RBI's Revised Co-Lending Norms Set to Transform NBFC Growth

RBI's Revised Co-Lending Norms Set to Transform NBFC Growth

RBI’s Revised Co-Lending Norms Set to Transform NBFC Growth

Major regulatory reforms empower joint lending, expand credit access, and boost risk sharing among financial institutions in India.

Introduction
The Reserve Bank of India (RBI) has introduced its landmark Co-Lending Directions, 2025, set to take effect from January 1, 2026. These new norms are poised to radically reshape the lending landscape for Non-Banking Financial Companies (NBFCs) by fostering collaboration between banks, NBFCs, and other regulated entities (REs).
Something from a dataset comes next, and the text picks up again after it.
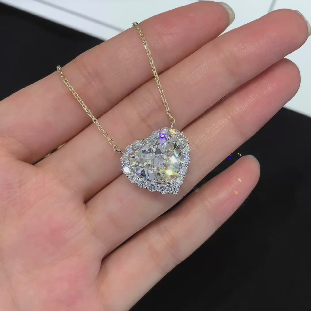 Celebrate your love with this elegant 6.80tcw Heart Lab-Grown Diamond Halo Style Solitaire Pendant Necklace. Showcasing a flawless Heart-shaped EF and VS diamond set in 10k/14k/18k gold, this necklace is an ethical and dazzling choice. Crafted with precision and adorned with 𝐈𝐆𝐈-𝐜𝐞𝐫𝐭𝐢𝐟𝐢𝐞𝐝 diamonds, it embodies timeless beauty and eco-conscious luxury, perfect for any special occasion.

Industry experts, including rating agency Crisil, anticipate the measures will unlock significant growth opportunities and help overcome longstanding funding constraints that have troubled smaller lenders.

Key Highlights of the RBI Co-Lending Guidelines
1. Minimum Loan Retention Requirement
As per the revised framework, each participating RE—whether a bank or an NBFC—must retain a minimum of 10% of every individual loan on its own balance sheet. This is a notable reduction from the previous minimum of 20%, particularly benefiting mid-sized and smaller NBFCs that face higher funding constraints. The measure ensures all partners have genuine financial exposure (“skin in the game”) and participate actively in risk management.
2. Expanded Applicability and Partnership Scope
Earlier, co-lending was primarily limited to priority sector loans. The revised norms extend the model to all regulated entities and all forms of loans (secured and unsecured), vastly expanding the scope of credit delivery in India. Banks, NBFCs (including housing finance companies), and other financial institutions can now collaborate in lending to retail and MSME segments, driving deeper financial inclusion.
3. Default Loss Guarantee Cap
Originating REs, which initiate the loan, may provide a direct lending guarantee (DLG) of up to 5% of the pooled loan amount to their co-lending partner. This guarantee absorbs losses in case of default and was previously restricted to digital lending. The guarantee must be invoked only after 90 days of delinquency, ensuring prudent risk and reward sharing between partners without excessive risk transfer.
4. Uniform Asset Classification
In a major regulatory step, all co-lending partners must follow a uniform asset classification for each loan. If one partner flags a loan as a special mention account (SMA) or non-performing asset (NPA), the other must do the same, with this data shared in real time. This removes regulatory arbitrage, ensures early stress recognition, and promotes transparency across the system.
5. Blended Interest Rates and Disclosure Norms
Borrowers will be charged a blended interest rate, calculated as the weighted average of each RE’s internal rate based on their share of the loan. All additional fees and charges must be disclosed upfront in the Key Facts Statement (KFS) and factored into the annual percentage rate (APR). Financial institutions are required to disclose details of their co-lending arrangements, volumes, interest rates, fees, sectoral exposure, and partner lists both online and in financial statements.
6. Operational Clarity and Borrower Protection
Every co-lending agreement must detail the loan product, partner duties, borrower selection criteria, fee structures, and risk-sharing models. All transactions are to be routed through escrow accounts to ensure fund security and transparency. Borrowers will have a single point of contact throughout the loan lifecycle, with grievance redressal mechanisms in place and clear product information.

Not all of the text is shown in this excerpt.